0:00

One of the more interesting stories in the field probabilistic graphical model

relates to the connection between the, algorithm of Loopy Belief Propogation and

the problem of decoding messages sent on a noisy channel.

This is a connection that was discovered fairly recently and has proven to have a

tremendous impact on both disciplines that of probabilistic graphical models

and that of message decoding. So let's understand the message decoding

problem. Imagine that I want to send K bits across

a noisy channel. If I just go ahead and easily send those

K bits, then it's impossible for me to know from the noisy bits that I received

at the other end what the correct bits ought to have been because we don't know

which ones got corrupted and which ones didn't.

And so what people have, developed is the notion of coding theory.

Where those K bits are passed through an encoder.

And what we get at the end are N bits. where N is usually greater than K.

And those are the bits that are actually transmitted across the noisy channel to

give us a set of noisy bits, Y1 up to Yn, which we now hope to be able to decode in

a way that ideally gives us bits V1 up to Vk, that are close.

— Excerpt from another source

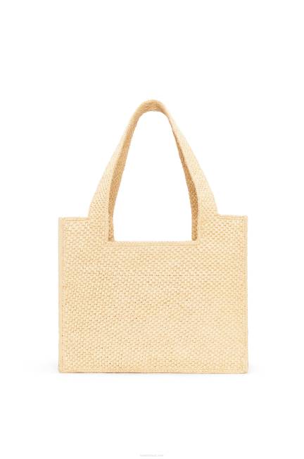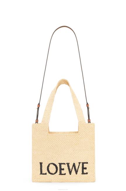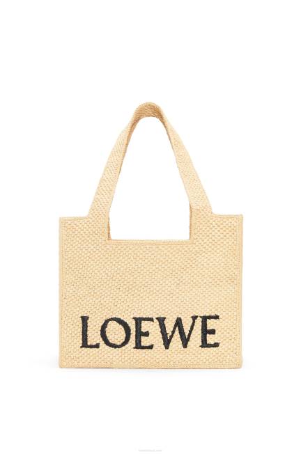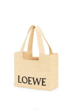 a bolsa loewe font é uma bolsa em forma de cubo, tecida inteiramente em ráfia com uma assinatura loewe contrastante. esta é uma versão média.

And hopefully, completely accurate relative to the bits that were originally

sent, U1 up to Uk plus message coding and decoding in a nutshell.

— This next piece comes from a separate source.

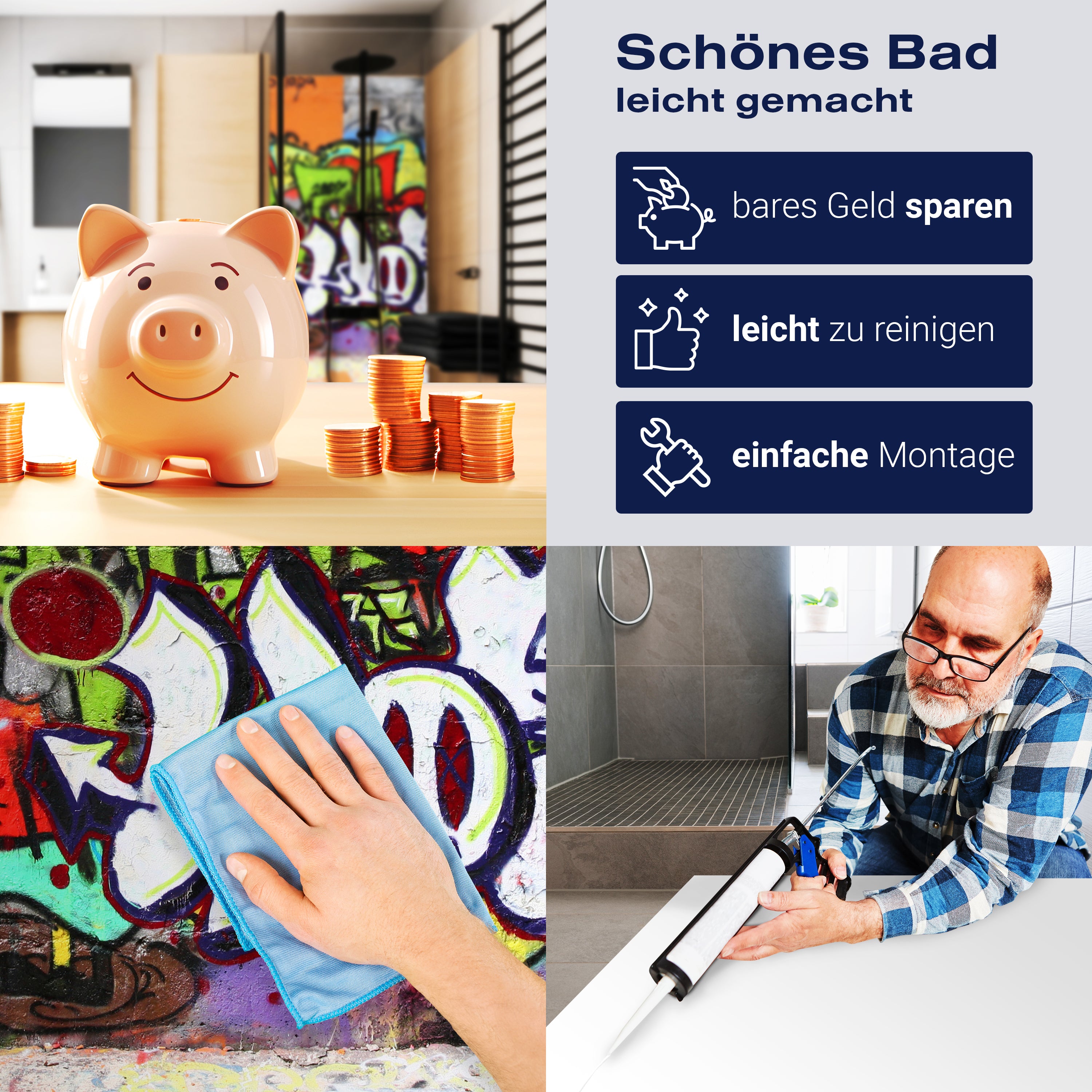 Diese Materialien bieten im Vergleich zu traditionellen Fliesen mehrere Vorteile. Sie haben eine fugenlose Oberfläche, was bedeutet, dass sie weniger anfällig für Schimmelbildung und leichter zu reinigen sind, da sich Schmutz und Kalk nicht in Fugen festsetzen können. Darüber hinaus ermöglichen sie eine schnelle und einfache Renovierung, da sie direkt über bestehenden Fliesen montiert werden können, was Zeit und Kosten spart

And the rate of a code such as this is k over n, that is you send n bits of which

k are actual information. The bit error rate, that one gets, and

that's a function of the channel itself, is the, overall probability that a bit

that we get. On this side, say the first bit, what is

the probability that the first bit is correct, that is, the same as as the

original bit, bit? And so the error rate is the total

average of the probability that these are different across the K decoded bits.

1:57

So, we can now think about different channels and their properties and there's

this very important notion called the channel capacity.

So let's first think about different error rates that a channel, different

error modes, that a channel might exhibit.

So here's something called the binary symmetric channel, often abbreviated BSC,

and the binary symmetric channel says that when I send a zero, then with

probability.9, I get a zero, but with probability 0.1, I get a one.

And conversely, with a probability, when I send the one, I get a one with

probability of 0.9, and the zero with probability 0.1.

You can see why it's called the binary symmetric channel because the area is

symmetric between zero and one. A different error model, an erasure

channel where the bits don't get corrupted, they just get destroyed.

Now the big difference between this, the binary erasure, erasure channel

abbreviated BEC is that when a bit gets destroyed, I know it.

That is what I get at the end, is a question mark as opposed to a bit where I

don't actually know whether that was the original bit that was sent or a

corrupted, here I know the bit was corrupted.

And finally, here is what's called a Gaussian channel,

where the noise that gets added on top of is actually analog noise.

And so, there is sort of a, a Gaussian distribution relative to the signal that

was sent. And it turns out these different channels

have very different notions of what capacity means.

And capacity, we'll define exactly what implications that has in a moment but

information there is. Your super smart people have computed,

the capacity for these different kinds of channels, and it turns out, that for

example the capacity for the binary symetric channel, is zero, is a little

bit over 0.5, where the capacity of the binary eraser channel, is 0.9 where 0.9

is, is this, probability of getting the correct bit.

And if you think about that it makes perfect sense that, the capacity of a

channel where you know the bit were erased is higher than ones where you have

to figure out whether bits are right or wrong.

So this is, little less, a more benign type of noise.

And the, what you see over here is the capacity of the Gaussian channel and it's

a, its a expression that involves things like the with this Gaussian for example,

the wider it is, the lower the capacity. Now, Shannon, in a very famous result

known as Shannon's Theorem, related the notion of channel capacity and bit error

probability in a way that tells us and pro, defines an extremely sharp boundary

between codes that are feasible and codes that are infeasible.

So let's look at the diagram. The x axis is the rate of the code.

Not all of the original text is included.